Back in early 2017, I was made redundant from my job in Dubai, a job that involved things like this…
…and was at a bit of a loss as to what to do. It is both figuratively and – as you can see – quite literally, hard to top that.
I’d tried making something of my hobby of photographing watches (having moved on from photographing Dubai), but it turns out there’s rather more to making a living from being a photographer than simply taking what you think are pretty photos. After 6 months of precisely zero income, my wife turned to me and said “whatever you’ve been doing since you lost your job, maybe it’s time to try something different?”. Charming. Or, as Derek and Clive would succinctly put it – “harsh, but fair”.
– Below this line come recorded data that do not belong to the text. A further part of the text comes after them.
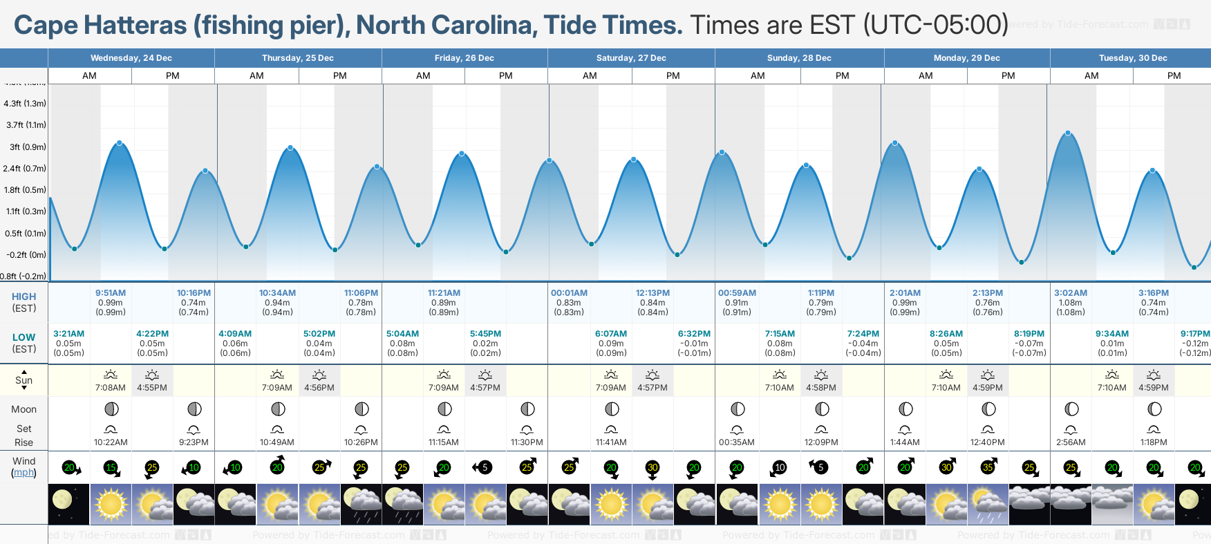 NOTE: Use of this site for Cape Hatteras (fishing pier), North Carolina tide times is subject to our terms.
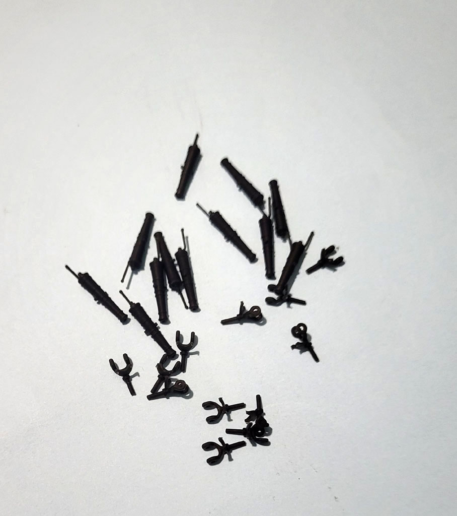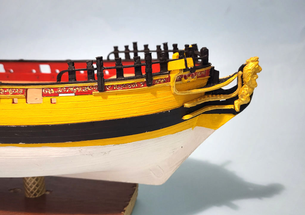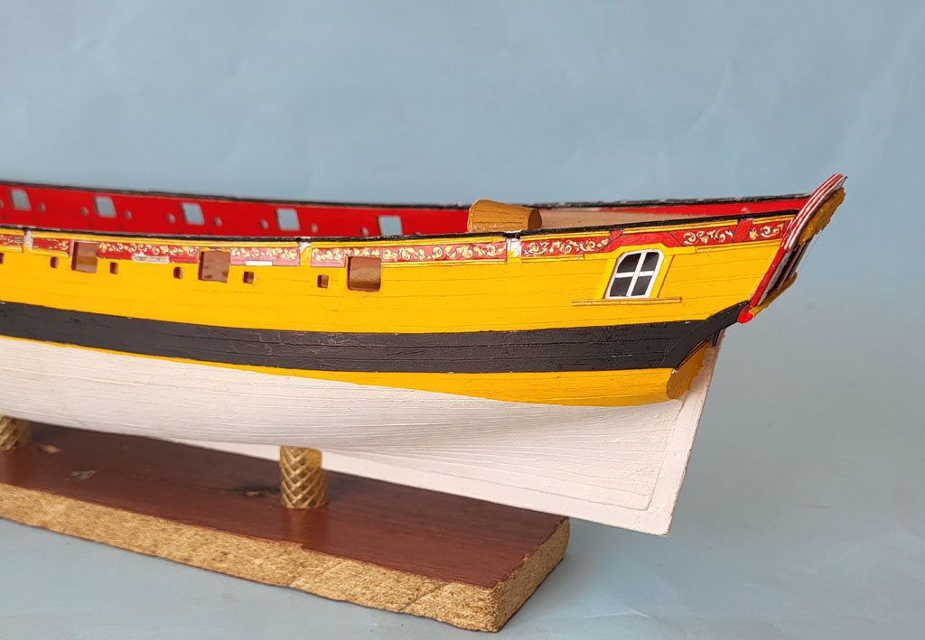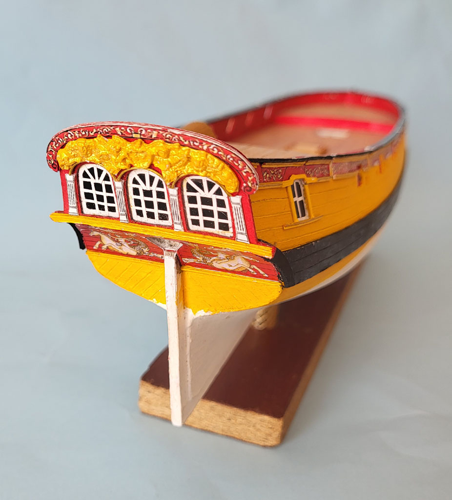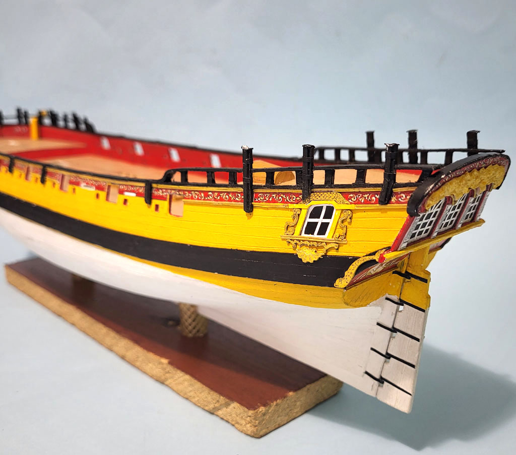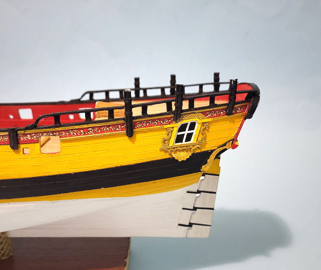 Dalszy ciąg zabawy na rufie . Porobiłem barierki ,podstawy pod falkonety tak samo na dziobie . Zakupiłem w SHYPYARD działa i falkonety bo chciałem zobaczyć jak to będzie wyglądać - Falkonety składają się z dwóch elementów wyglądają kapitalnie . Teraz miesiąc przerwy dla nabrania werwy - wyjazd do sanatorium ARKA w Kołobrzegu
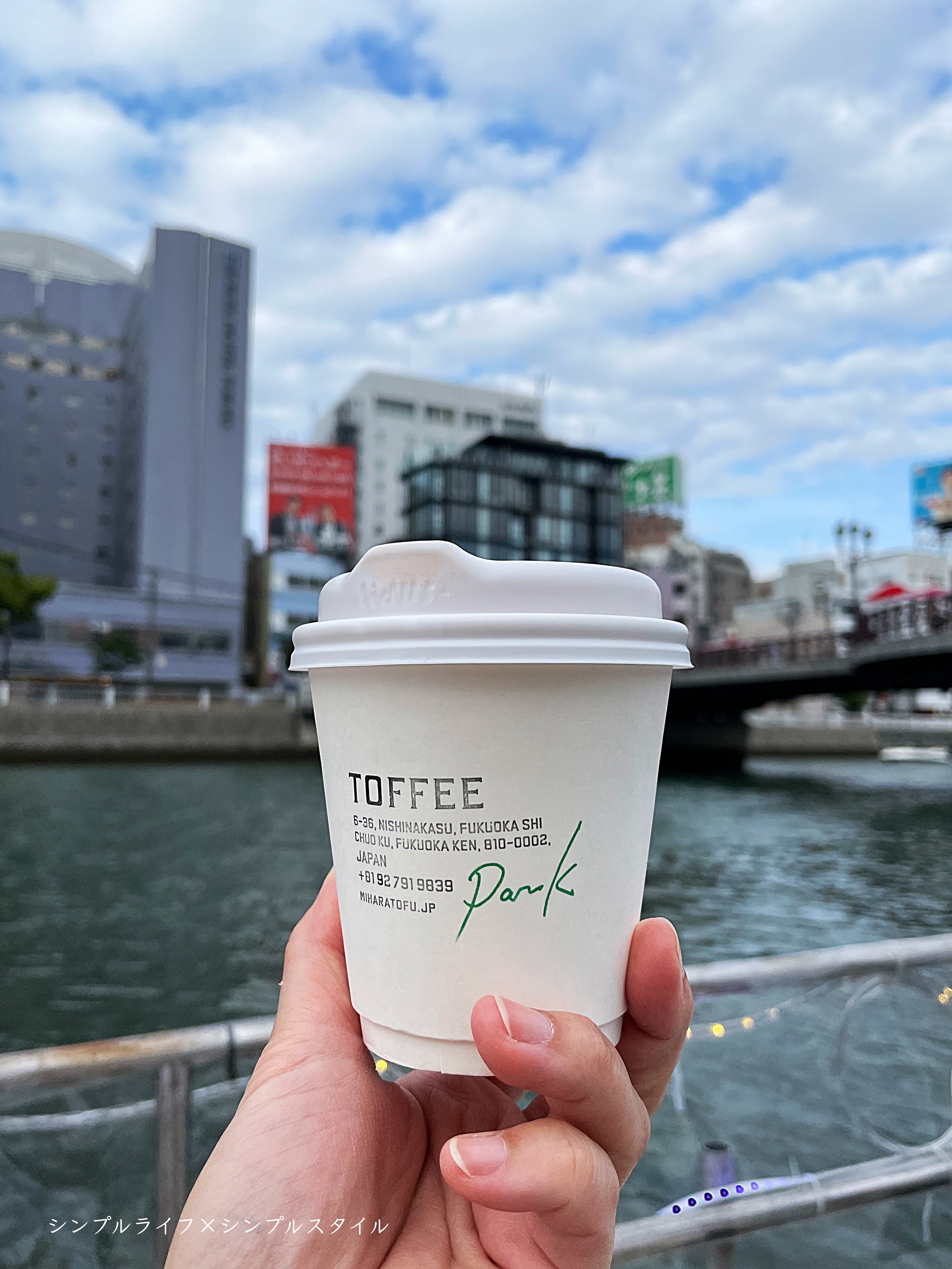 TOFFEEの豆乳ラテを持ち込み、
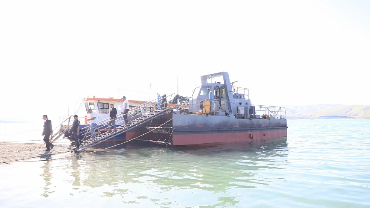 Elazığ Valisi Numan Hatipoğlu'da, Hazar Gölü'nde görev yapacak deniz temizleme aracında incelemelerde bulundu.
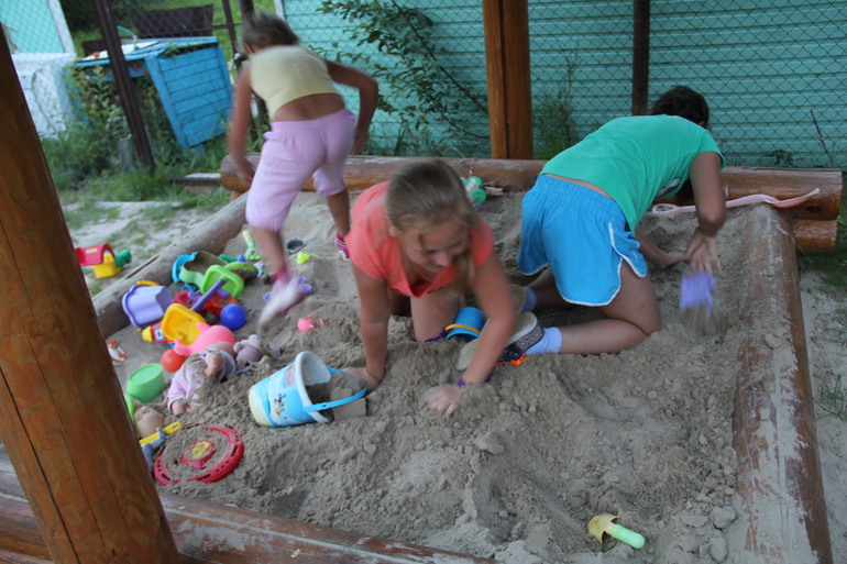 4 задание: я спрятала в песочнице маленькую игрушку, но сначала конечно показала её девочкам, чтобы они знали что искать. Не сказала где именно я её зарыла. Их задача отыскать. Нашли))
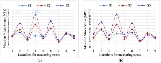 Maximum von Mises stresses at various locations of HDPE collar for S1–S3: (a) for concentrated ballast weight, (b) for distributed ballast weights.
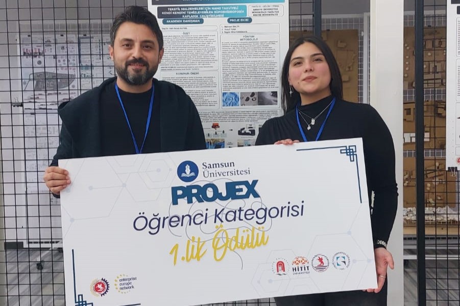 Toplam 43 proje arasında öne çıkan “Tekstil Malzemeleri İçin Nano Takviyeli, Kendi Kendini Temizleyebilen Süperhidrofobik Kaplama Geliştirilmesi” başlıklı çalışma, yenilikçi yaklaşımı ve yüksek uygulama potansiyeli sayesinde jüri tarafından büyük takdir topladı.
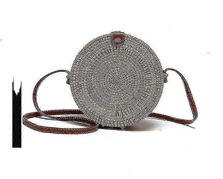 25-26 Handwoven Round Rattan Bag Women Leather Strap Crossbody Straw Handbag--brown PK
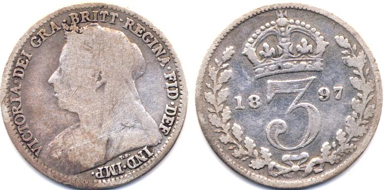 1897 GREAT BRITIAN SILVER 3 PENCE-CIRC
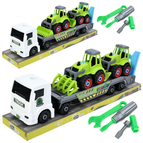 Конструктор на шурупах, трейлер 39см, будтехніка 2шт, викрутка, гайк.ключ
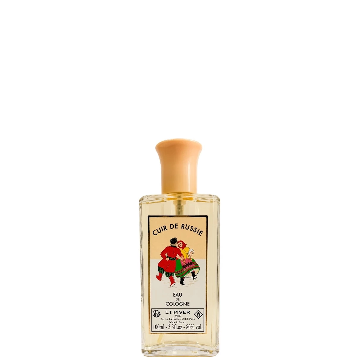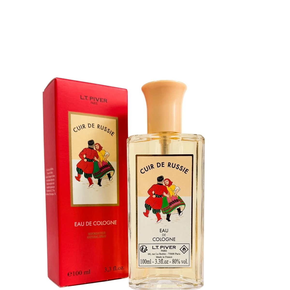Son flacon rectangulaire s’orne d’un cabochon chromé aux formes d’une toque cosaque. L’étiquette de l’eau de toilette Cuir de Russie L.T Piver demeure telle qu’au XIXe. Elle évoque la Russie et le cuir des bottes frottées contre l’écorce des bouleaux.
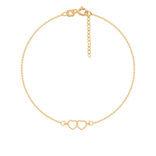 Bransoletka z pozłacanymi złączonymi sercami o wielkości 1 cm na łańcuszku. Złączone serca są symbolem trwałych uczuć. Obwód bransoletki: 16 cm Element pozłacany 18-karatowym złotem.
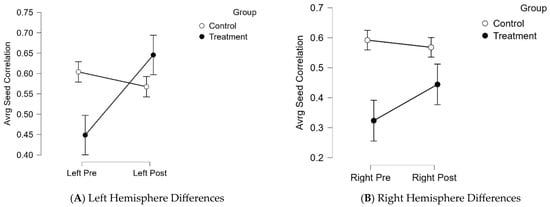 Average seed-correlation differences between groups by hemispheres were calculated by controlling for pretest scores using Analysis of Covariance (ANCOVAs) (Supplementary Materials Figure S2B,C). The treatment group showed significantly greater connectivity in the left hemisphere (difference = 0.1; 95% CI (0.57, 0.64); F (1, 17) = 37.98; p = 0.0001, d = 0.7), compared to the control group, post-brain training. There were no significant differences between groups on right hemisphere connectivity. Figure 5 summarizes group differences by hemisphere, emphasizing greater FC in the left hemisphere of participants in the treatment group post-brain training (M = 0.64; SD = 0.26), compared to baseline (M = 0.44; SD = 0.24).
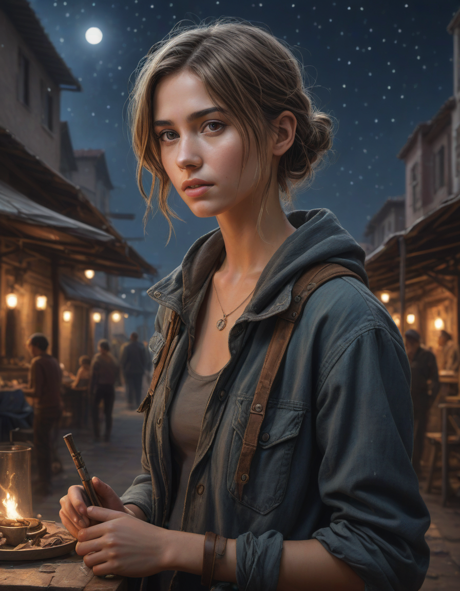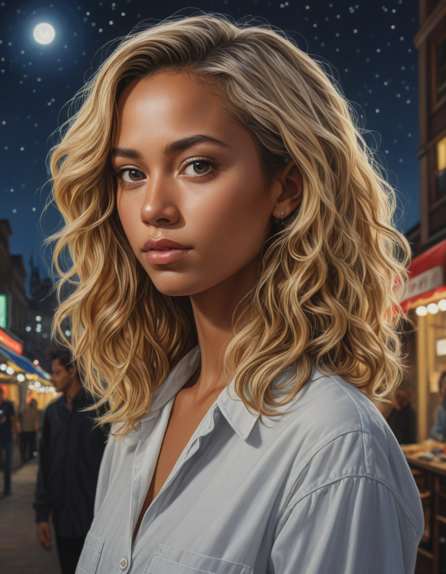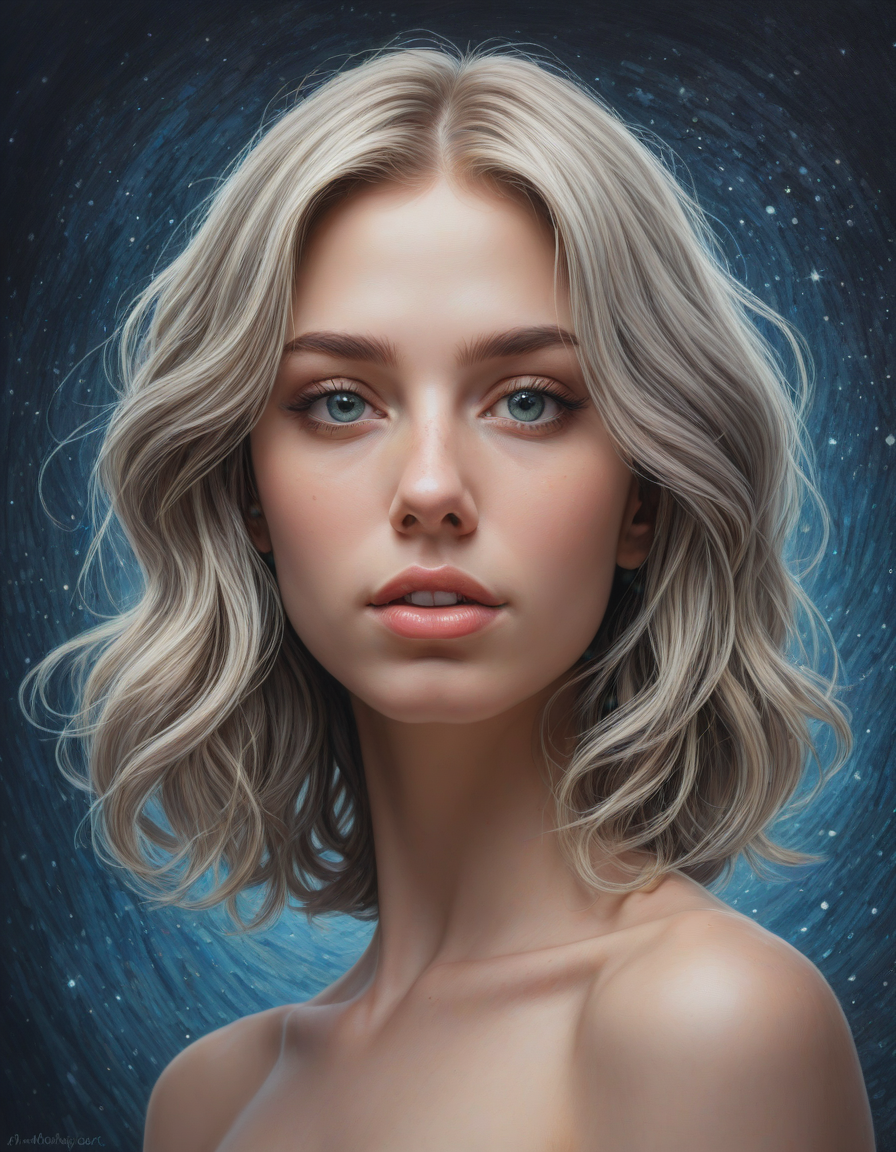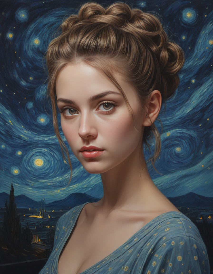 oil painting, the starry night, immaculate facial features, A hint of desire, dully glowing with internal fires, extremely detailed
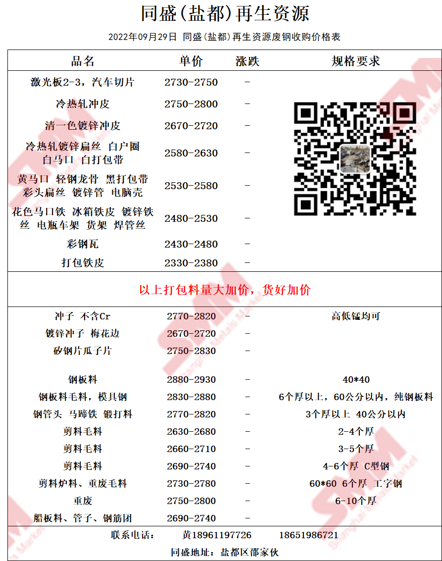 9月29日同盛(盐都)再生资源 废钢收购报价

I’d been collecting vintage Grand Seikos for a while, my interest in the brand having been piqued by Ben Clymer’s seminal Hodinkee article on vintage watch shopping in Tokyo. One of the things that had struck me was that perhaps the window of opportunity to be able to build up a decent collection of the watches was closing. In the vintage era, Grand Seikos were only (well, nearly only) ever marketed and sold in Japan.
Whilst the brand was relaunched as far back as 1988 – so far back in fact, that those early SBGS-series watches now officially qualify as “vintage” themselves – it wasn’t until 2010 that Grand Seiko established an international presence. It was clear by the time my eyes were fully opened to the brand that they were very serious about turning themselves into a highly successful and highly respected global powerhouse.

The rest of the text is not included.